[TASK TO COMPLETE] Transcribe, exactly and without pictures, the lines below from the line with "Медицинско дамско яке" to the line with "フロントバンクシリンダーフィ", both ends included, and no others.
=== DATA TO PROCESS ===
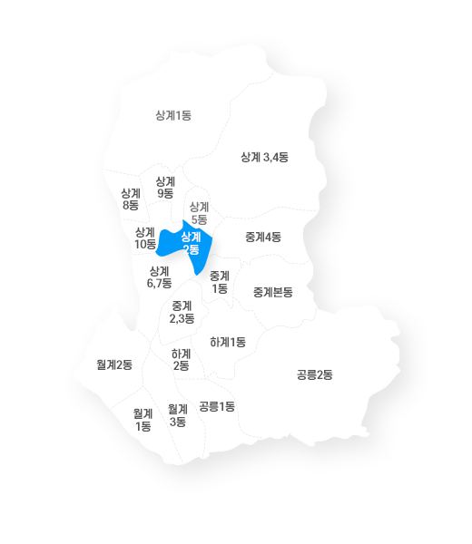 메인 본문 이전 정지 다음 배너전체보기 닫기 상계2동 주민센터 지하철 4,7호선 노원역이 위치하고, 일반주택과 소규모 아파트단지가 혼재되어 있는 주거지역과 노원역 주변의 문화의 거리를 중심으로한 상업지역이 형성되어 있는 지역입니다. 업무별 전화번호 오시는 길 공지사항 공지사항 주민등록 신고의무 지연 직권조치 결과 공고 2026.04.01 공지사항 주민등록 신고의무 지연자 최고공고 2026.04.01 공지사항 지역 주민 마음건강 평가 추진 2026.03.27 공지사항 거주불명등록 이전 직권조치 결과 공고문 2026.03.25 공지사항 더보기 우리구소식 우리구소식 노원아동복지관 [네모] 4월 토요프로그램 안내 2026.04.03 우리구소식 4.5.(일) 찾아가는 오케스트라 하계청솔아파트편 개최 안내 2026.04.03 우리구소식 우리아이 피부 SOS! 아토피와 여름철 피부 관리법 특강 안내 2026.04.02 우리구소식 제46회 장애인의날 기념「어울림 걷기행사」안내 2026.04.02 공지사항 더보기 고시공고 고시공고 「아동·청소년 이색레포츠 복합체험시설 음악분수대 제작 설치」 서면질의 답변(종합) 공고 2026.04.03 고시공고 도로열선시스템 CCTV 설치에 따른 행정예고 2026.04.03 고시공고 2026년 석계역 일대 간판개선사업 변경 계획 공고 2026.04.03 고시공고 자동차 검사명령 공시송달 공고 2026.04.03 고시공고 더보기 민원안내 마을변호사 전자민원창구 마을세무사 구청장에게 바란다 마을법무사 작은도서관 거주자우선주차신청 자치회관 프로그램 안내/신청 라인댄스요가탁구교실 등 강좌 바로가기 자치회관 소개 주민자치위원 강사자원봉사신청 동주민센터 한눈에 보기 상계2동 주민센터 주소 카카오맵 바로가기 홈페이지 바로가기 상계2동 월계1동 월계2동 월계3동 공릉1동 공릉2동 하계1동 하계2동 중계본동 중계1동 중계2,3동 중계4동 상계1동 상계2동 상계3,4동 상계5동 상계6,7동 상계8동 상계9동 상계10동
===
=== DATA TO PROCESS ===
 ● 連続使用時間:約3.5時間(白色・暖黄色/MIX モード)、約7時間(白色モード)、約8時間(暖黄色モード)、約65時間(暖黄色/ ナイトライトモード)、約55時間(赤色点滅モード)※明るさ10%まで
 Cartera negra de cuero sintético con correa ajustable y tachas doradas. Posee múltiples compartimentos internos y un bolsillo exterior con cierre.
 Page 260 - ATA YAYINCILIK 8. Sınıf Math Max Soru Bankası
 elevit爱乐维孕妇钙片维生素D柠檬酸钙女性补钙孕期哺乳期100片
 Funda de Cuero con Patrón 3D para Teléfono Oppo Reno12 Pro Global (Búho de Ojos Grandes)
===
=== DATA TO PROCESS ===
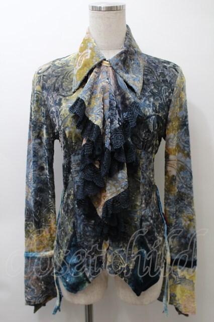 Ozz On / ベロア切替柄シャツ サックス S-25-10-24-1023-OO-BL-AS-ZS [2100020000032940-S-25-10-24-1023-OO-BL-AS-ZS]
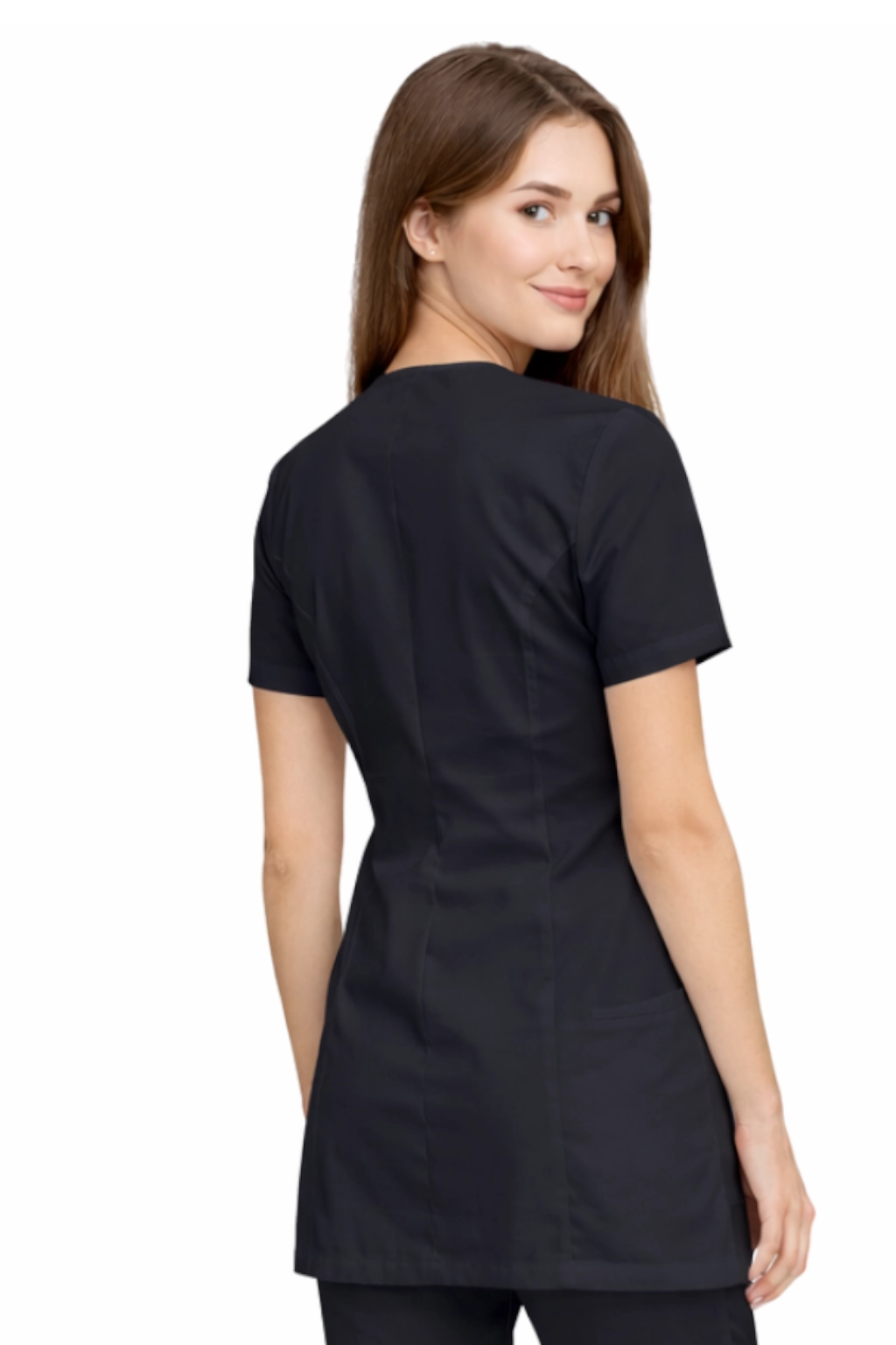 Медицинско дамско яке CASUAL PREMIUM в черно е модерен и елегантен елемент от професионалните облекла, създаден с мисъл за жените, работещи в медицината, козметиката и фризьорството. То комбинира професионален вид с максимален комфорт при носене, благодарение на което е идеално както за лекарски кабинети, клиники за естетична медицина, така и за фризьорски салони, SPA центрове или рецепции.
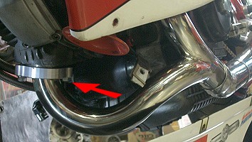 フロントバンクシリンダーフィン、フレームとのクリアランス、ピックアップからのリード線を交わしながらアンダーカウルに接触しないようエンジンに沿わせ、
===
[SOLUTION FOR THIS TASK]
 Медицинско дамско яке CASUAL PREMIUM в черно е модерен и елегантен елемент от професионалните облекла, създаден с мисъл за жените, работещи в медицината, козметиката и фризьорството. То комбинира професионален вид с максимален комфорт при носене, благодарение на което е идеално както за лекарски кабинети, клиники за естетична медицина, така и за фризьорски салони, SPA центрове или рецепции.
 フロントバンクシリンダーフィン、フレームとのクリアランス、ピックアップからのリード線を交わしながらアンダーカウルに接触しないようエンジンに沿わせ、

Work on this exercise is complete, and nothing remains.